I have no idea where to put this, so move if I'm wrong here

A friend gave me a Astorath an Chrismas
I was lucky and there where 2 of his awesome axe in the box, so I decided to convert him a scythe and use him for my CSM

The Problem: How should I do the pose?
If you have any Ideas, please answer


----------



## lav25gunner (Dec 13, 2008)

Just to clarify; you want to make an additional Astorath outta plastic chaos bits using the extra metal spine ax you have? Or do you mean you're gonna use the original metal model for your CSM army, and somehow pose him using two spine axes?


----------



## lav25gunner (Dec 13, 2008)

Here's something I found. Simply put the spare ax into the pointing hand.
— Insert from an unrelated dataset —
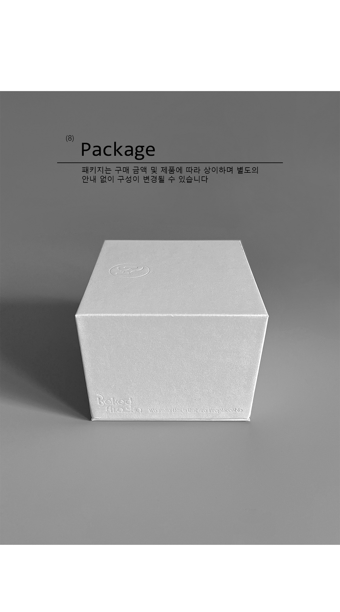 - 수선 및 자세한 사항은 함께 보내드리는 품질보증서 또는 공식 웹사이트 (http://bakedalaska.kr) COSTOMER CARE의 NOTICE에서 보다 자세히 확인하실 수 있습니다.

If you wanna go chaos, you could do something like this....


----------



## Ghost XV15 (Aug 3, 2010)

Thank you I really like the models you posted.
I think I take the pose of the first one



lav25gunner said:


> Just to clarify; you want to make an additional Astorath outta plastic chaos bits using the extra metal spine ax you have? Or do you mean you're gonna use the original metal model for your CSM army, and somehow pose him using two spine axes?


I gonna use the original model with some chaos bitz and I want to make a scythe out of the two axes

I will start a blog when I start my next armie, there I show some of the results of (chaos)astorath too :spiteful:


----------